Eisenstein has written extensively, and in considerable detail, about the visual, thematic, and intellectual patterns of montage that he utilised in sequences such as the Odessa Steps, and the metadata utlised for encoding reflect this. As a result the system provides a valuable research resource when used in conjunction with other available material, including the sequence in its entirety, the film, and Eisenstein's writing, as well as secondary commentaries on the sequence, Eisenstein, and other canonical essays on film montage.
However, as a theorist such as Eisenstein argued, cinematic shots only gain their particular significance because of the series they are placed within - it is montage (for Eisenstein) that generates meaning. As a result this project is limited in many ways as it is little more than an quantitative analysis engine. It is valuable when utilised in larger research contexts and it does demonstrate the viability of the engine (keeping in mind that other film content could as easily be encoded utlising other metadata schemas), but its content remains fixed and in some ways intractable - you search for close ups with left to right movement, and it finds them and lets you view them.
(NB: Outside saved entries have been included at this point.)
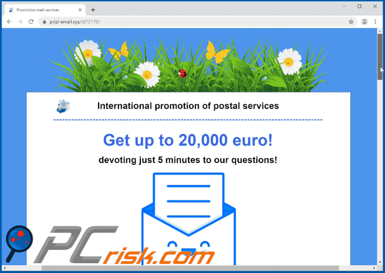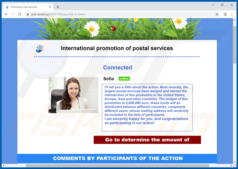 De "Internationale promotie van postdiensten" beweert dat de gebruikers tot twintigduizend euro kunnen winnen door slechts vijf minuten te besteden aan het beantwoorden van verschillende vragen. Verderop staat dat het bedrag tussen de tien en de twintigduizend euro kan liggen. De gebruikers worden aangespoord om op de onderstaande knop te klikken en een paar vragen te beantwoorden, voordat hun het winnende bedrag wordt bepaald. Deze knop leidt tot een snelle meerkeuzevragenlijst met verschillende e-mailgerelateerde vragen. Vervolgens worden de gebruikers naar een chat geleid, naar verluidt met de "Golden Email"-manager. In dit "gesprek" worden de gebruikers bedankt voor het beantwoorden van de vragen. Ze worden gevraagd of ze klaar zijn om de omvang van hun winst te achterhalen en over te dragen naar hun bankrekening/kaart. De chat biedt meer informatie over deze "Internationale promotie van postdiensten". Vermoedelijk zijn de grootste postdiensten samengevoegd en is de promotie begonnen in de Verenigde Staten, Europa, Azië en andere, niet-gespecificeerde landen. Deze "promotie" heeft een budget van twee miljoen euro, dat verdeeld wordt over verschillende provincies en willekeurig geselecteerde gebruikers. Na op een knop te klikken wordt de prijs getoond - de gebruikers krijgen de som te zien en worden aangespoord om op "Ga naar betaling" te klikken. Op deze pagina wordt aangegeven dat voor het overdragen van de prijs een bevestigingstoeslag betaald moet worden om de betalingsgegevens te verifiëren. Deze vergoeding is vijfentwintig euro en na betaling ervan zijn de gebruikers ervan verzekerd dat deze binnen de twaalf uur worden geretourneerd. Er wordt beweerd dat met deze betaling de identiteit van de gebruikers bevestigd en opgeslagen wordt voor toekomstige overdrachten. Bovendien is het niet relevant of de bankrekeningkaart euro ondersteunt of niet, omdat elke valuta automatisch geconverteerd wordt (en dit proces is naar verluidt gratis). Deze procedure is verplicht voor alle deelnemers. Als u wordt misleid om in te stemmen met deze voorwaarden, dan worden de gebruikers omgeleid naar een andere website, van waaruit de transactie uitgevoerd kan worden (de "bevestiging betaling"). Nadat deze vergoeding betaald is, ontvangen de gebruikers de beloofde prijs echter niet. Met andere woorden, ze worden opgelicht en krijgen er niets voor terug. De "Internationale promotie van postdiensten" en andere, soortgelijke "te mooi om waar te zijn" prijsaankondigingen zijn oplichtingen. Vertrouwen op hen en u zal financiële verliezen oplopen en uw persoonlijke privacy in gevaar brengen.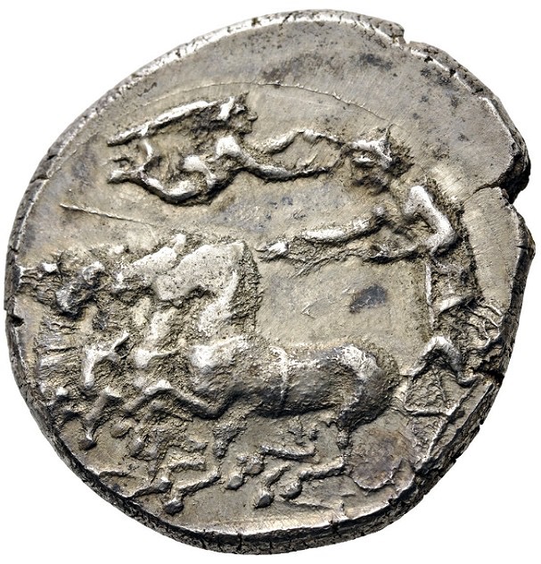 Опис: Квадрига, що мчить ліворуч, керована жінкою-водієм, яка нахилилася вперед, з кентроном у правій руці та віжками в лівій. Зліва вгорі — Ніка, що летить праворуч, щоб увінчати водія, а в екзергу — вівтар.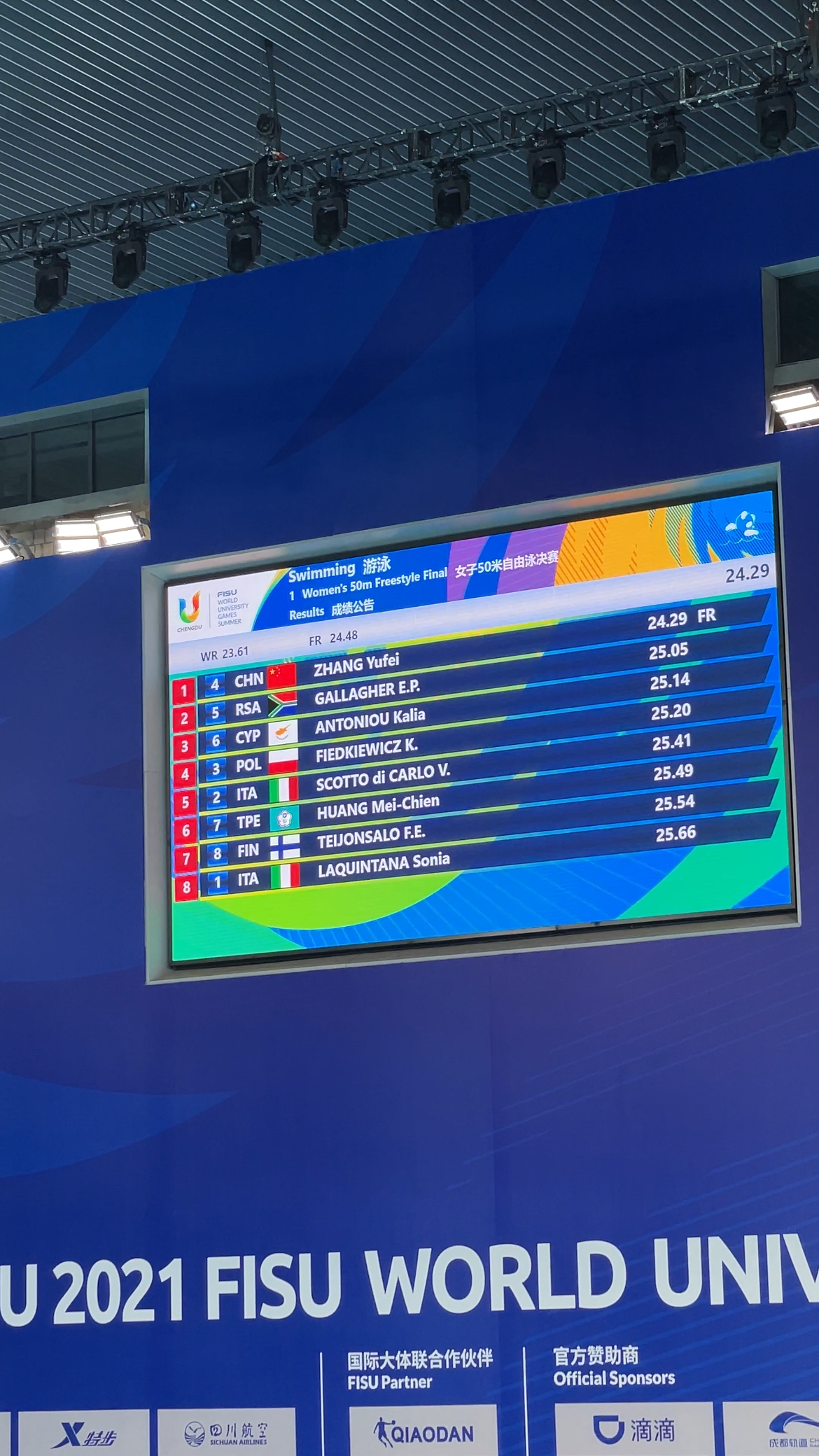 8月7日,成都大運(yùn)會(huì)女子50米自由泳項(xiàng)目決賽在東安湖體育公園游泳跳水館舉行,中國(guó)隊(duì)員張雨霏以24.29秒的成績(jī)奪得金牌,并打破世界大學(xué)生運(yùn)動(dòng)會(huì)該項(xiàng)目的紀(jì)錄,這也是張雨霏在本屆大運(yùn)會(huì)的第8金。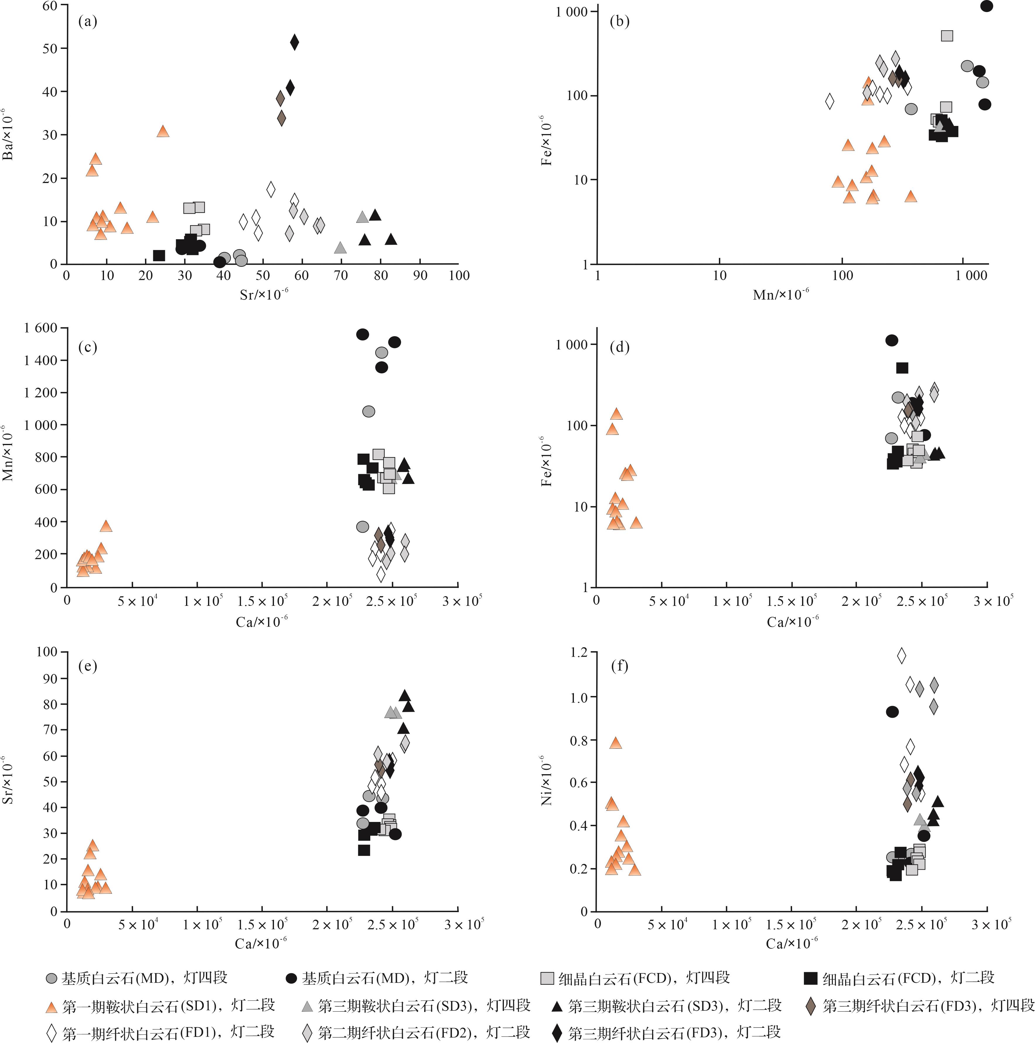 灯二段与灯四段不同期次的纤状白云石样品具有相似的微量元素Sr、Fe、Mn含量(图5c~e),Ba、Ni含量在不同期次中差异明显(图5a,f)。与第1期鞍状白云石的各类元素含量相比,第3期鞍状白云石的每种元素含量均明显更高,并且灯四段中第3期鞍状白云石的各项元素富集程度略高于灯二段的同类样品(图5c),并且在微量元素Sr、Ni和Fe含量方面更接近纤状白云石(图5d)。元素丰度的显著差异还表明,第1期鞍状白云石和第3期鞍状白云石具有不同的流体化学性质,明显属于不同阶段的热液流体,推测流体来源、类型明显不同(图5e),后者似乎与海水关系更密切(图5f)。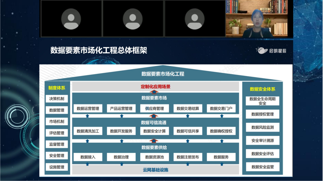 会上,启明星辰集团数据安全事业部副总经理张妮以“推进‘数利’基础设施建设,打造临港新片区数据绿洲”为主题为大家带来分享,从支撑数据要素市场化发展的角度看数据治理的重要性,并依据“数利”工程阐述的实践路径,着重强调了数字基础设施的构建且需以其作为支撑和制约数据要素的重要设施,保障数据要素可以安全、顺畅地持续流通。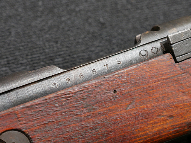 本品は九九式短小銃 末期型 (東京重機製) シリアルNo. 26675で第三国で使用されていない基本的に旧軍が使用したままの状態の品です。 この短小銃を生産した東京重機工業は1938年12月に設立、東京都北多摩郡に所在し戦中は九二式重機関銃や九九式短小銃生産を主に製造しました。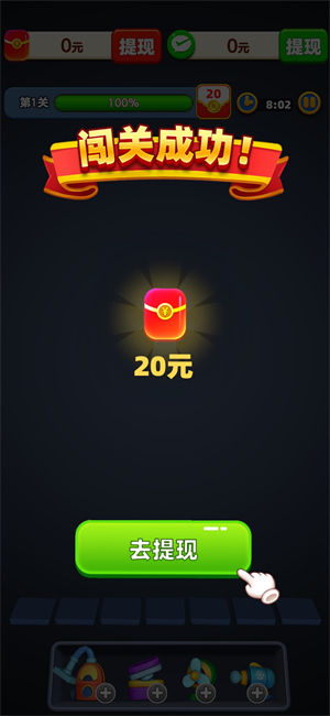 4、通关就可以获得红包,游戏中的提现有两种,分别是红包和微信现金。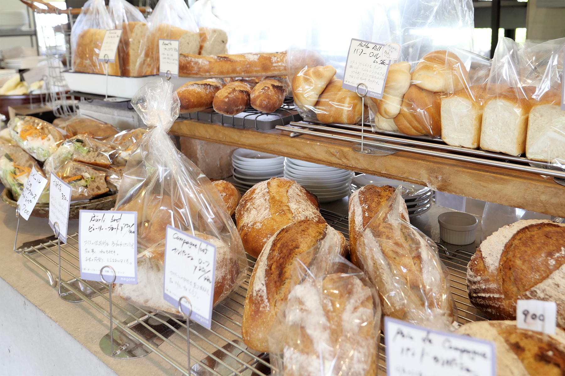 席の後ろはカウンターになっていて、焼きたてのパンがたくさん並んでいます。ここに並んだサンドウィッチにドリンクを一緒にテイクアウトして、外の芝生でピクニックしている方も多く、様々な使い方のできるお店としてみんなに愛されていますね。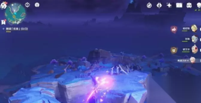 2.进入传送门会自动送到任务触发地,图中角色所在的位置就是终点,触发三个旗帜的位置(感叹号标记的地点)通过旁边的雷极可以到三个旗帜的位置。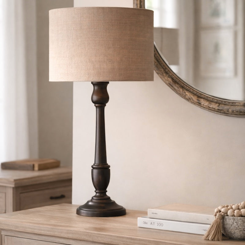 Finished in antique black, this slim mango wood turned table lamp is a stylish lamp base.

What the shots mean individually is considerably less than what they mean in their various sequences.
The second project, "Searching" is based on John Ford's 1956 western _The Searchers_ and rather than encoding the film around a particular set of cinematic metadata the project begins from a hermeneutic claim, that "doorways in _The Searchers_ represent liminal zones between spaces that are qualities." Doors, as they appear in the film, are encoded around a small data set (camera is inside, outside, or between, and is looking inside, outside, or between) and still images from the film are provided. Here a search by a user yields all the stills that meet the search criteria, and clicking on any still loads the appropriate sequence from the film for viewing in its cinematic context.